(Items from a dataset)
►
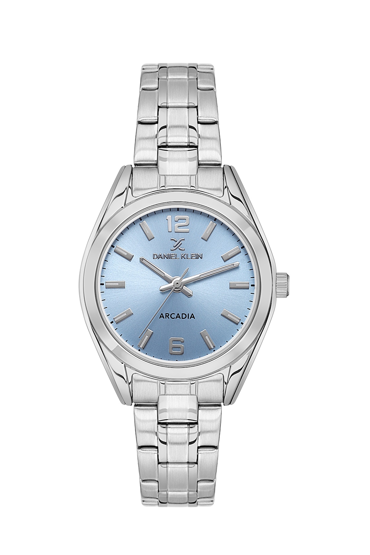 Серебристый круглый корпус диаметром 31 мм изготовлен из прочного сплава Alloy, который устойчив к механическим воздействиям и сохраняет безупречный внешний вид долгие годы. Особого внимания заслуживает нежный голубой циферблат, создающий ощущение свежести и легкости. В оформлении использованы серебристые стрелки и риски, а также изящные римские цифры на отметках «6» и «12», которые добавляют циферблату утонченности и отлично читаются благодаря контрасту с фоном.
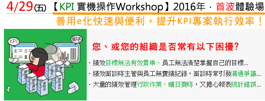 │時間│4/29(五)13:30-17:00 │對象│ 1. 負責績效考核專案的HR /績效專案執行同仁 2. 負責規劃導入KPI系統的專案主管 3. 育碁其它產品客戶_加購KPI系統應用評估者 │地點│台北恆逸電腦教室 - 台北市復興北路99號 │費用│NT$2,000 /每人 │報名方式│ 線上報名
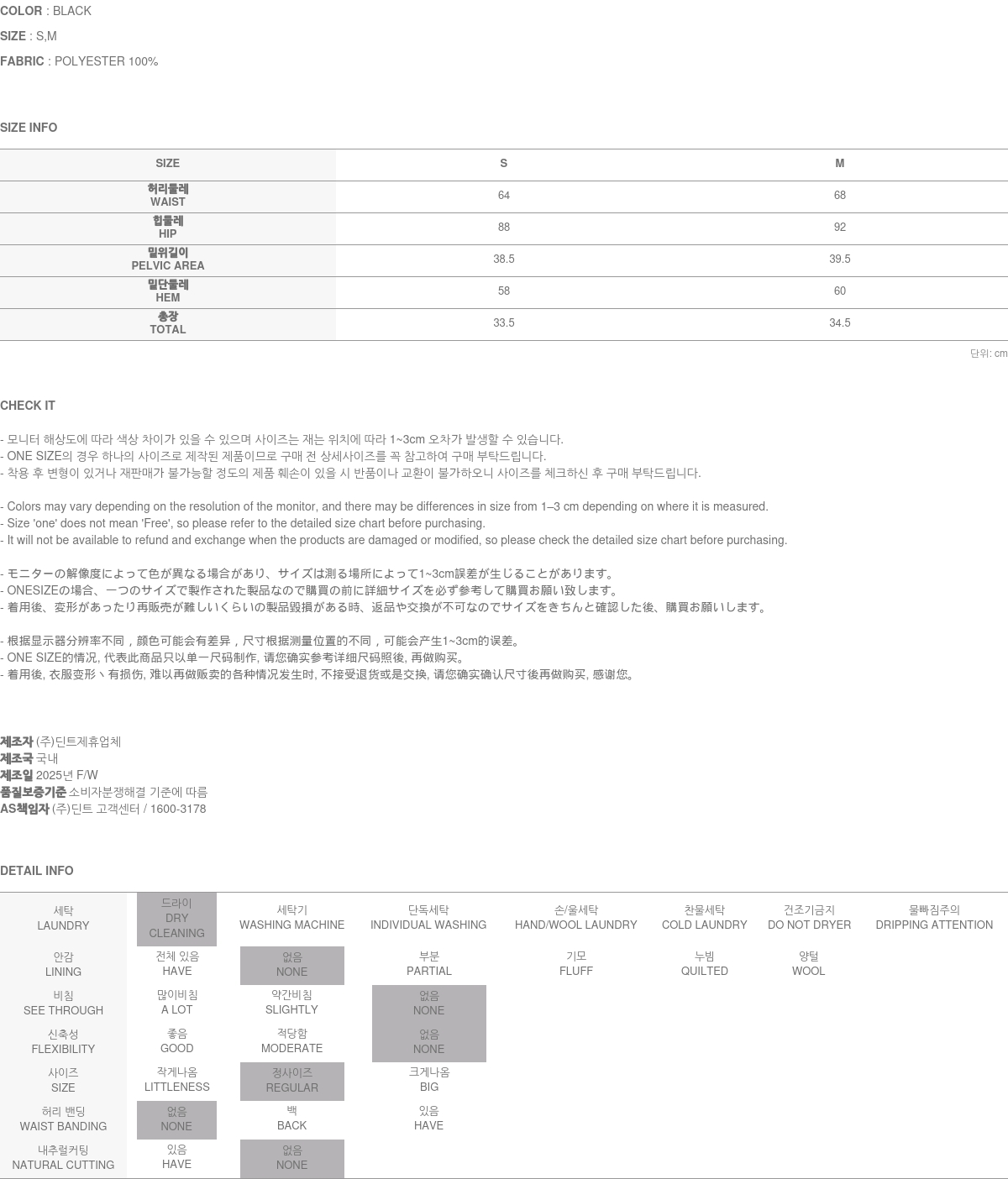 173CM 모델 S 사이즈, BLACK 컬러 착용하였습니다.
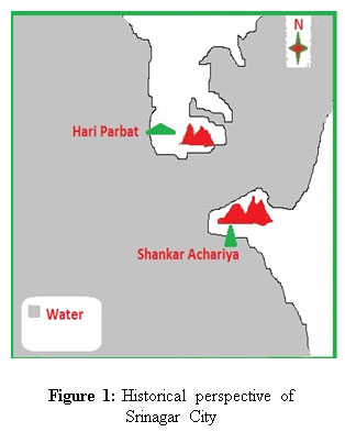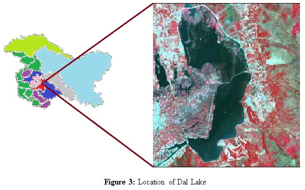 The valley of Kashmir in the early history records has been discovered as a wide basin between the mountains as illustrated in the Figure 1. With time the shallower regions have converted to land mass. From the maximum waters, now the land has turned into this state of maximum land mass. The location of the Dal Lake in the capital city of Srinagar is to the North-East of the main city but the overall status of Srinagar can be said to be on the peripheries of the lake as illustrated in the Figure 3. This aspect on one hand gives a unique charm to the city but the same feature creates a hazardous impact of the health of this glorious water body. Human population residing inside (Houseboats) and on the banks of the lake are big contributor of pollution to the lake. The lake at present has the north peak at (34º-15, 74º-85) Tailbal, the east end at (34º-12, 74º-88) near Nishat, the south face at (34º-08, 74º-83) Dalgate, and the west node at (34º-11, 74º-82) near Hari Parbat. Kango and Fotedar in 1982 reported that the lake has shrunk from 23.4 sq. Km. to 13.82 sq. Km. Zutshi and Kundangar, on the basis of maps and surveys by Montogmeri compared with the ground situation in1983, reported the area to be as 10.56 sq. Km [4]. The current revenue department records estimate the total area of the lake as 50432 kanals of which about 20% is land mass and the rest open waters.
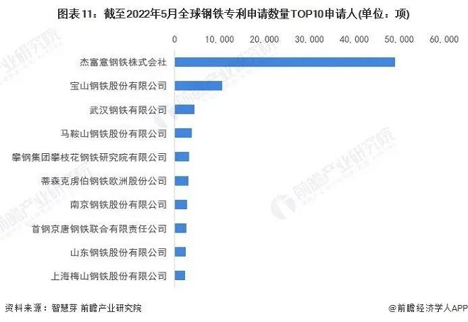 從前瞻前瞻經濟學人獲悉,截至2022年5月20日,全球鋼鐵行業專利申請數量TOP10申請人分別是杰富意(JFE)鋼鐵株式會社、寶山鋼鐵股份有限公司、武漢鋼鐵有限公司、馬鞍山鋼鐵股份有限公司、攀鋼集團攀枝花鋼鐵研究院有限公司、蒂森克虜伯鋼鐵歐洲股份公司、南京鋼鐵股份有限公司、首鋼京唐鋼鐵聯合有限責任公司、山東鋼鐵股份有限公司和上海梅山鋼鐵股份有限公司。
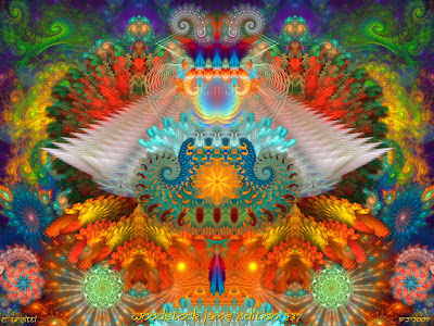 You familiar with Alex Grey? He's done a lot of stuff that is directly influenced by ayahuasca... Www.alexgrey.com or www.cosm.org. Also check out his wife Allyson Grey- her "chaos/order" paintings bear a striking resemblance to stuff I've seen during very intense DMT experiences. ...and if you don't mind, I'd like to direct you to my page, www,hyperspacestudios.com. Click Galleries, then the Guy Aitchison galleries. The Lightform stuff is the most directly DMT influenced. Working on more as we speak. Also try looking up: Xavi David Heskin Luke Brown Good stuff, and they no doubt are rich with art links... I agree that the art page here lacks variety. The overwhelming majority are fantasy works by the likes of Michael Whelan- all excellent stuff but not what you might consider behind-the-eyelids psychedelic imagery. That kind of art can be found throughout the site- but it would be great to see all the trippiest stuff gathered at one page.
◄
◆ Task brief ◆
Without the pictures, restate all the entries above exactly.

◆ Result of the task ◆
 Серебристый круглый корпус диаметром 31 мм изготовлен из прочного сплава Alloy, который устойчив к механическим воздействиям и сохраняет безупречный внешний вид долгие годы. Особого внимания заслуживает нежный голубой циферблат, создающий ощущение свежести и легкости. В оформлении использованы серебристые стрелки и риски, а также изящные римские цифры на отметках «6» и «12», которые добавляют циферблату утонченности и отлично читаются благодаря контрасту с фоном.
 │時間│4/29(五)13:30-17:00 │對象│ 1. 負責績效考核專案的HR /績效專案執行同仁 2. 負責規劃導入KPI系統的專案主管 3. 育碁其它產品客戶_加購KPI系統應用評估者 │地點│台北恆逸電腦教室 - 台北市復興北路99號 │費用│NT$2,000 /每人 │報名方式│ 線上報名
 173CM 모델 S 사이즈, BLACK 컬러 착용하였습니다.
 The valley of Kashmir in the early history records has been discovered as a wide basin between the mountains as illustrated in the Figure 1. With time the shallower regions have converted to land mass. From the maximum waters, now the land has turned into this state of maximum land mass. The location of the Dal Lake in the capital city of Srinagar is to the North-East of the main city but the overall status of Srinagar can be said to be on the peripheries of the lake as illustrated in the Figure 3. This aspect on one hand gives a unique charm to the city but the same feature creates a hazardous impact of the health of this glorious water body. Human population residing inside (Houseboats) and on the banks of the lake are big contributor of pollution to the lake. The lake at present has the north peak at (34º-15, 74º-85) Tailbal, the east end at (34º-12, 74º-88) near Nishat, the south face at (34º-08, 74º-83) Dalgate, and the west node at (34º-11, 74º-82) near Hari Parbat. Kango and Fotedar in 1982 reported that the lake has shrunk from 23.4 sq. Km. to 13.82 sq. Km. Zutshi and Kundangar, on the basis of maps and surveys by Montogmeri compared with the ground situation in1983, reported the area to be as 10.56 sq. Km [4]. The current revenue department records estimate the total area of the lake as 50432 kanals of which about 20% is land mass and the rest open waters.
 從前瞻前瞻經濟學人獲悉,截至2022年5月20日,全球鋼鐵行業專利申請數量TOP10申請人分別是杰富意(JFE)鋼鐵株式會社、寶山鋼鐵股份有限公司、武漢鋼鐵有限公司、馬鞍山鋼鐵股份有限公司、攀鋼集團攀枝花鋼鐵研究院有限公司、蒂森克虜伯鋼鐵歐洲股份公司、南京鋼鐵股份有限公司、首鋼京唐鋼鐵聯合有限責任公司、山東鋼鐵股份有限公司和上海梅山鋼鐵股份有限公司。
 You familiar with Alex Grey? He's done a lot of stuff that is directly influenced by ayahuasca... Www.alexgrey.com or www.cosm.org. Also check out his wife Allyson Grey- her "chaos/order" paintings bear a striking resemblance to stuff I've seen during very intense DMT experiences. ...and if you don't mind, I'd like to direct you to my page, www,hyperspacestudios.com. Click Galleries, then the Guy Aitchison galleries. The Lightform stuff is the most directly DMT influenced. Working on more as we speak. Also try looking up: Xavi David Heskin Luke Brown Good stuff, and they no doubt are rich with art links... I agree that the art page here lacks variety. The overwhelming majority are fantasy works by the likes of Michael Whelan- all excellent stuff but not what you might consider behind-the-eyelids psychedelic imagery. That kind of art can be found throughout the site- but it would be great to see all the trippiest stuff gathered at one page.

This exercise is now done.